Will The Triple Crown Ever Be Won Again?

Once a year, the American public and media turn their attention to horse racing (and, yes, I know I'm ignoring the brilliant but ESPN based Breeders' Cup).  Every spring, even the New York Times takes to asking, 'will we get a triple crown winners this year?'  Once the first leg of the triple-crown, the Kentucky Derby has been run, all attention is turned to the second leg, the Preakness Stakes.  If the Kentucky Derby winner, wins the Preakness, then all attention turns to the Belmont Stakes.  If the Kentucky Derby winner fails to win the Preakness, then media interest in horse racing returns to a polite whisper for another year.

Of course, there used to be a triple crown that meant just as much in this country.  The third leg of the triple crown, the 1m 6f St Leger, is being run this afternoon at Doncaster.  The winners of the other two legs, the 2000 Guineas and the Derby will not be running in the race.  Indeed, they haven't run in the St Leger for many years.  
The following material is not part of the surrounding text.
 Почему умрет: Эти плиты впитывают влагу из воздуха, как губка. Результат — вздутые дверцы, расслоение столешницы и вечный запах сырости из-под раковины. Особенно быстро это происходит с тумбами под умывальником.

Nijinsky in 1970 was the last horse to win the triple crown.  Reference Point in 1987 was the last horse to win both the Derby and the St Leger.  These days, Derby winners don't even think about going for the Leger.  The Champion Stakes, Prix De L'Arc De Triomphe or the Breeders' Cup are seen as better end of season targets.  The extended distance of the St Leger is regarded as damaging a champion's stud value, in an age where bloodstock is dominated by speed, rather than stamina (although some of the best sires of recent years are stamina laden).

That is all a massive shame.  Flat racing all too often resembles, to paraphrase Churchill, a pudding without a theme.  There is nothing to hold public interest, in a way that Cheltenham does for jumps racing.  While 'Racing For Change' tinkers at the edges, it hasn't really proposed anything to make flat racing more mainstream and more popular.  Restoring the importance of the triple crown (with something resembling the Betfair bonus in national hunt racing) might go some way to keeping mainstream media interest on flat racing.

Who knows if the triple crown will ever be won again.  But we should hope that it is restored to its former pinnacle, in the eyes of trainers, the media and, more importantly, the public.